### Instructions to follow
Beginning with the line that holds "Für den Vortragsbereich", copy every remaining line of the listing below exactly, and leave the pictures out.

### Dataset section
******************************
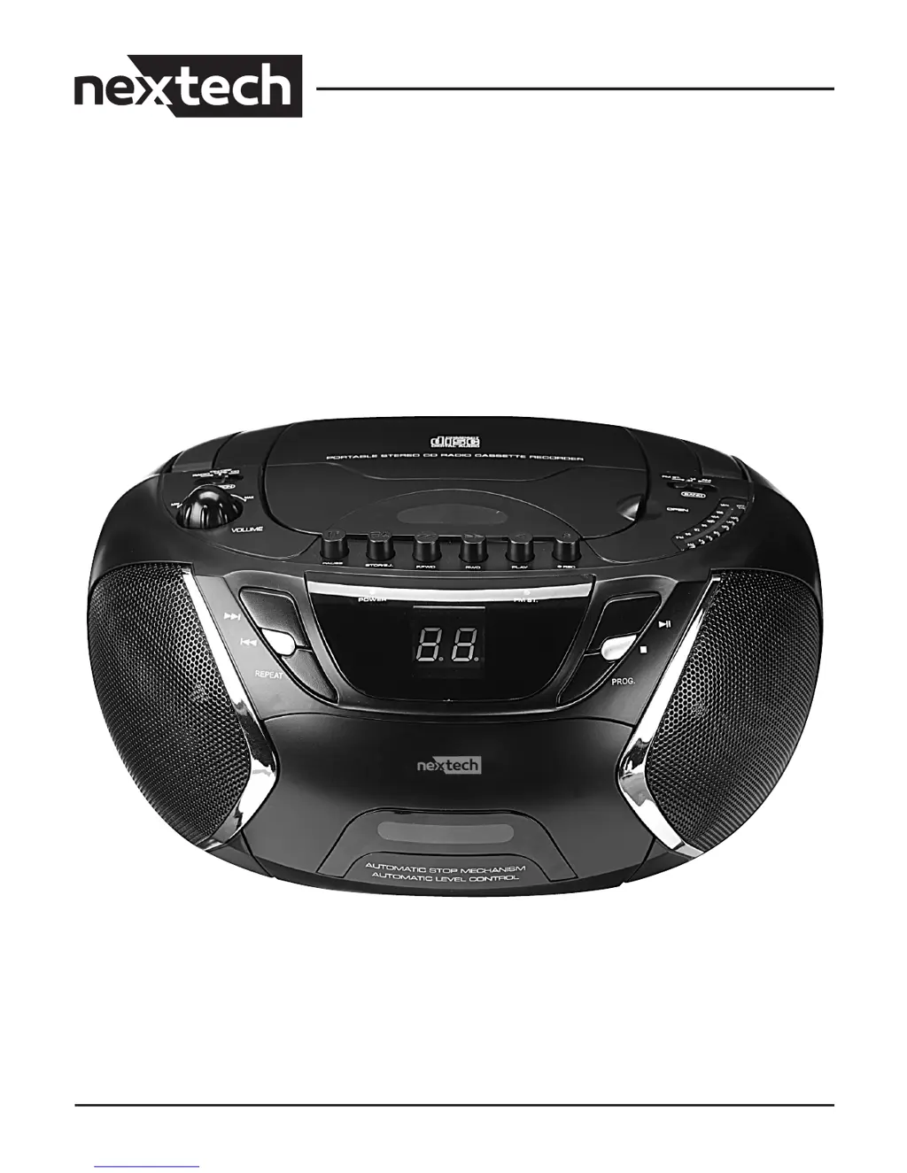 If your Nextech Portable Stereo System has no sound or power, first, check the volume and adjust it if necessary. Then, ensure the AC power cord is securely connected. Finally, make sure the batteries are correctly inserted and are not dead; replace them if needed.
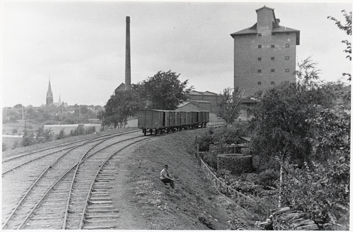 Det höga huset på bilden är ett lagerhus, vilket fungerade som spannmålsmagasin under krigstid.
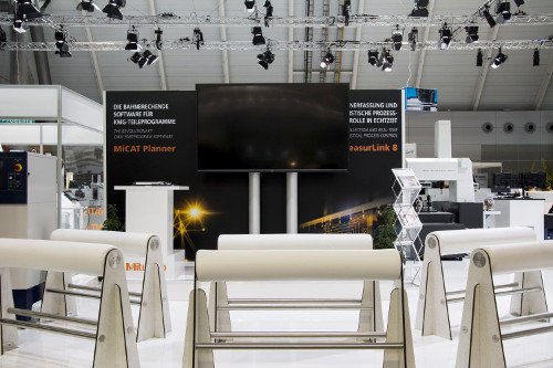 Für den Vortragsbereich auf dem Messestand kam ein Technik-Paket aus professionellem Licht-, Audio- und Videoequipment zum Einsatz. Über ein 4K-84“-Display von NEC konnten die Besucher alle Informationen rund um die Welt der ultramodernen Längenmesstechnik in gestochen scharfer Qualität miterleben.
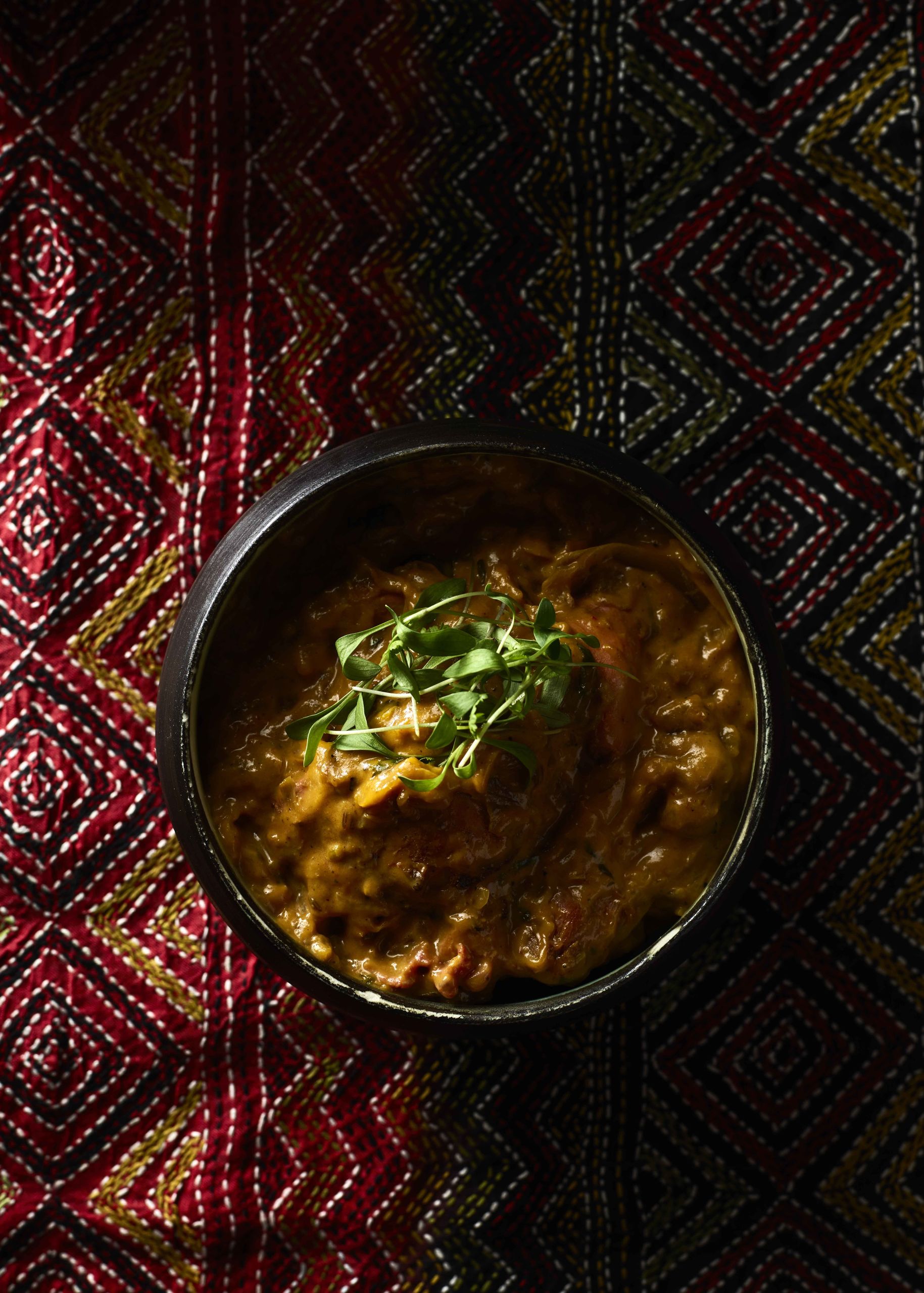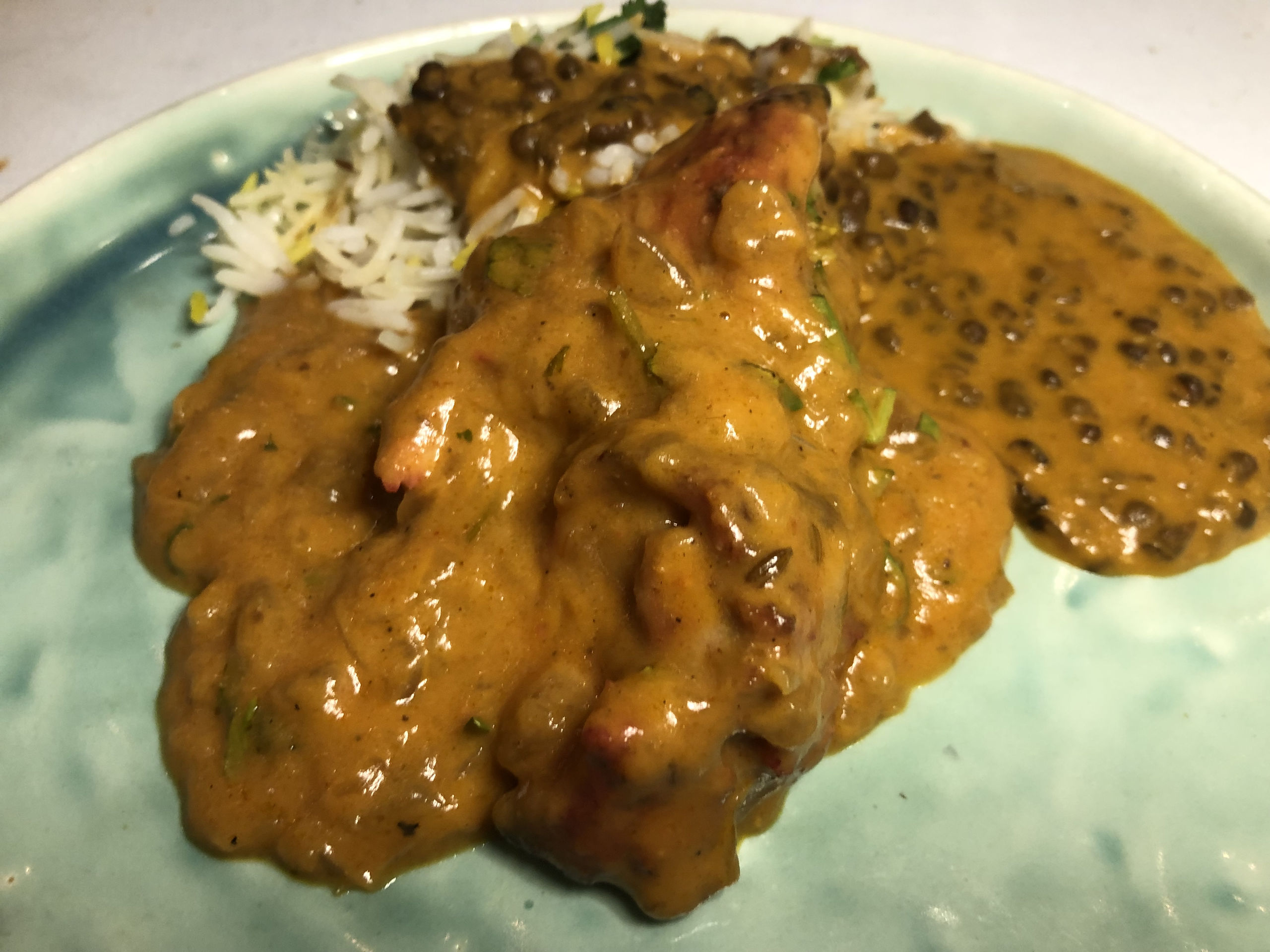 Mezcla del butter chicken, el clásico curry de pollo en cremosa salsa de tomate al macís, acompañado de dal makhani, unas lentejas negras al estilo tradicional y de pulao, arroz con aroma de comino y azafrán.
******************************
### Answer to the exercise
 Für den Vortragsbereich auf dem Messestand kam ein Technik-Paket aus professionellem Licht-, Audio- und Videoequipment zum Einsatz. Über ein 4K-84“-Display von NEC konnten die Besucher alle Informationen rund um die Welt der ultramodernen Längenmesstechnik in gestochen scharfer Qualität miterleben.
 Mezcla del butter chicken, el clásico curry de pollo en cremosa salsa de tomate al macís, acompañado de dal makhani, unas lentejas negras al estilo tradicional y de pulao, arroz con aroma de comino y azafrán.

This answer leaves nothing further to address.